Internal combustion (IC) engines are used throughout the world and mainly for motor vehicles. IC engines account for one of the largest consumers of petroleum products known. Due to the large amount of petroleum products consumed by IC engines and the gases exhausted from IC engines, numerous regulatory agencies have implemented regulations or are in the process of implementing regulations that require minimum average fuel economy of vehicles as well as limit the amount of pollutants that are exhausted from vehicles.
Earlier attempts at reducing vehicle emissions have centered on exhaust gas treatments. For example, earlier attempts have introduced reagents into the exhaust gas stream prior to the gas passing through a catalyst in order to effect selective catalytic reduction (SCR) of the nitrogen oxides (NOx) in the exhaust gases. Additionally, many vehicles now include exhaust gas recirculation (EGR) systems to recirculate at least some of the exhaust gases. Although EGR reduces the harmful emissions of vehicles, it also often reduces the vehicle's fuel economy.

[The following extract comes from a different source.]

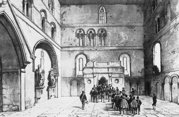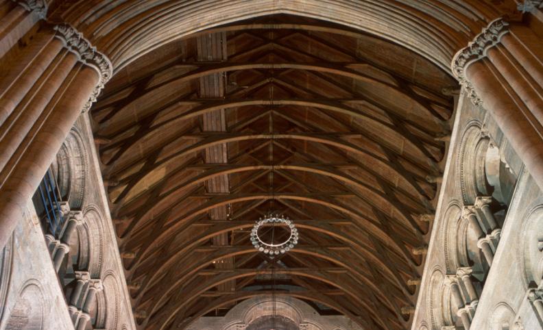 St John’s Chapel after restoration, with chevron or zigzag decoration in the entrance arch and on the vault ribbing. The half-piers have scalloped capitals, and the lapel stops are shaped as animal masks.

The uses of SCR and EGR have been effective in reducing the emission problems in the exhaust stream, but have done little in improving the fuel economy and fuel consumption of vehicles. With the tighter regulations that are being implemented, many manufacturers have turned their focus to increasing the fuel economy of IC engines. It is generally known that only about thirty to forty percent of the energy produced by the fuel combustion of IC engines translates to mechanical power. Much of the remaining energy is lost in the form of heat. Therefore, one particular area of focus in the motor vehicle industry has been to recover some of the heat that is generated by the IC engine using a Rankine cycle.
While these prior art attempts have improved the vehicle's efficiency, they lack adequate control of the working fluid and the working fluid's temperature. For example, U.S. Pat. No. 4,031,705 discloses a heat recovery system that heats the working fluid using heat from the IC engine's exhaust and the IC engine's cooling circuit, i.e., the IC engine's radiator. Therefore, while the '705 patent does utilize multiple heat sources, there is no way to adequately control where the heat is being drawn from. This can be problematic at times since insufficient flow of working fluid to a heat source can reduce the overall efficiency of the heat recovery system and/or result in wet steam being fed to the expander.
An additional problem with the '705 patent is that the bypass circuit directs vapor directly into a condenser. Although this is typically not a problem for lower temperature and/or pressure vapors, as the temperature and/or pressure increases, the shock to the condenser caused by receiving superheated vapor can reduce the life expectancy of the condenser.
WO2014/060761 discloses a bypass system that, by injection of working fluid from a fluid supply, can cool superheated working fluid prior to its reaching a condenser so as to alleviate and reduce some of the thermal shock experienced by the condenser.